По руке стекала какая-то теплая жидкость, но он старался туда не смотреть. Это все не по-настоящему. Просто у него временное помешательство. Да-да, всего лишь приступ delirium tremens[28], ничего серьезного. Легкое помрачение сознания и галлюцинации. Это скоро пройдет, и с Эстер снова все будет в порядке. А его вылечат, пропишут правильные лекарства. Он даже знает, к кому обратиться за медицинской помощью, – среди его коллег есть отличные психиатры.

Но в этот момент у него перед носом на пол ступил разношенный кожаный мокасин, грязный и потрескавшийся. Из-под стола, накрытого длинной скатертью, Стеф видел только ноги и край бежевого плаща мужчины, который стоял совсем близко, в нескольких сантиметрах – вытянув руку, Стеф мог коснуться его ноги.

Параллельно вельветовой штанине опустилось обрезанное дуло ружья. Оно еще исходило молочно-белым дымком, который стелился в воздухе, как след разбросанного семени. Владелец ружья осматривался в поисках места, где можно посеять новые багряные цветы.

Садовник.

В каком-то безумном порыве Стеф приподнял край скатерти пальцем – и сам не понял зачем. Его трясло мелкой дрожью. Садовник отразился в высоком зеркале напротив, так что стало видно его лицо и – главное – выражение глаз. Он вдруг заговорил, и, несмотря на гул в ушах, Стеф разобрал слова, произнесенные с яростью.
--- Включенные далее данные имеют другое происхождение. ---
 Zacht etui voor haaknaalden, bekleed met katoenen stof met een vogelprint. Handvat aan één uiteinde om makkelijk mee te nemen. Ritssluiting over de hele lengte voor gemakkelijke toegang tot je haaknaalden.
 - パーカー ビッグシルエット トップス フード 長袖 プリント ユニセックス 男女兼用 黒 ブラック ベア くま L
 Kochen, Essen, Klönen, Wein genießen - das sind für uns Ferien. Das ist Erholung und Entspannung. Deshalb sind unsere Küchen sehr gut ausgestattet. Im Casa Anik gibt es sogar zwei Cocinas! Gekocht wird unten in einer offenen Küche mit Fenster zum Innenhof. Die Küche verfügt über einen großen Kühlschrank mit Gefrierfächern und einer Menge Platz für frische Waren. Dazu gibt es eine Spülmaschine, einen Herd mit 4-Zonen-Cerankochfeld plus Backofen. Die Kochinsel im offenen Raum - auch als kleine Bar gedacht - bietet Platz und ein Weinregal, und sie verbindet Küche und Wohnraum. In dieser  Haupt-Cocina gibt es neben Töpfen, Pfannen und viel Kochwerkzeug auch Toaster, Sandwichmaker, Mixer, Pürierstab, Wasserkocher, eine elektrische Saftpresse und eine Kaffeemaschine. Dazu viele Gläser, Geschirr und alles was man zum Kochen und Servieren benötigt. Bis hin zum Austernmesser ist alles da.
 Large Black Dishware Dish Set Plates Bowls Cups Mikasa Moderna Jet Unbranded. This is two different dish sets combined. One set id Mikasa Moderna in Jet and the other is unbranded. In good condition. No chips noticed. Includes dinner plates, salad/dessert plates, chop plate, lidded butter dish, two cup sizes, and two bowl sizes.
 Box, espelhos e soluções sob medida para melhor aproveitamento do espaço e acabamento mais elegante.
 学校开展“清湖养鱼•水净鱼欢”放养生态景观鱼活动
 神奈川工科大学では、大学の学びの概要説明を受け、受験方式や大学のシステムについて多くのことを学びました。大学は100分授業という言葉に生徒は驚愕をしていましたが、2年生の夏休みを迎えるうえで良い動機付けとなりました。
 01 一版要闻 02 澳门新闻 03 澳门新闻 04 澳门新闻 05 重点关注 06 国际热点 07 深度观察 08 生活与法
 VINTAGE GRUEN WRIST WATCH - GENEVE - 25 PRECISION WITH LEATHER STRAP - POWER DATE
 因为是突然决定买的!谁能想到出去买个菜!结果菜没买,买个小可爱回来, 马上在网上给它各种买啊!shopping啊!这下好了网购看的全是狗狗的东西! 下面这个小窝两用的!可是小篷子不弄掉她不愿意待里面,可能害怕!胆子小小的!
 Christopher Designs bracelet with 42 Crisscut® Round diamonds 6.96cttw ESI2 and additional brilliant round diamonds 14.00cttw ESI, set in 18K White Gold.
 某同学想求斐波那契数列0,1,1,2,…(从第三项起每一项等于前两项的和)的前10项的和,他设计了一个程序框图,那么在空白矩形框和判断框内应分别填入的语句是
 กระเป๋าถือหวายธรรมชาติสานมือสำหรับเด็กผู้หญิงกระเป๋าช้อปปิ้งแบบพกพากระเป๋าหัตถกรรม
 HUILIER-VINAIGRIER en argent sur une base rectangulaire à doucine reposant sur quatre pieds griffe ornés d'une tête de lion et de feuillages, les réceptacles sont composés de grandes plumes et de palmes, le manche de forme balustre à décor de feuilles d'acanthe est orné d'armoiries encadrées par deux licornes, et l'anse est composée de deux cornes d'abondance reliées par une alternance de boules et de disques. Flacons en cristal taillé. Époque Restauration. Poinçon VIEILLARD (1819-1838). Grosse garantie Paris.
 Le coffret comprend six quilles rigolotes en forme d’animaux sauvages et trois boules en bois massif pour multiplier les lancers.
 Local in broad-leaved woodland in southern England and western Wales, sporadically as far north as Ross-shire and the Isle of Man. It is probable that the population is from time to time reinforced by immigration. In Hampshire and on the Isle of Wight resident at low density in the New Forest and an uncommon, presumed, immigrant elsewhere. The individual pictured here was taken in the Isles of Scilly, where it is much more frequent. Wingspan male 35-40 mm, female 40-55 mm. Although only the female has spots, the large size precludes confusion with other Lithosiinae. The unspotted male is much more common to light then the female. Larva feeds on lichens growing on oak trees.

Эта странная речь еще долго будет звучать в памяти немногочисленных свидетелей.

Дуло ружья поднялось, и садовник двинулся по ресторану дальше сеять цветы зла. И сеял до тех пор, пока не осталось семян.

Стеф под столом отпустил скатерть – она упала, как театральный занавес в конце спектакля, – накрыл голову руками и как ребенок свернулся калачиком между ослабевших ног Эстер.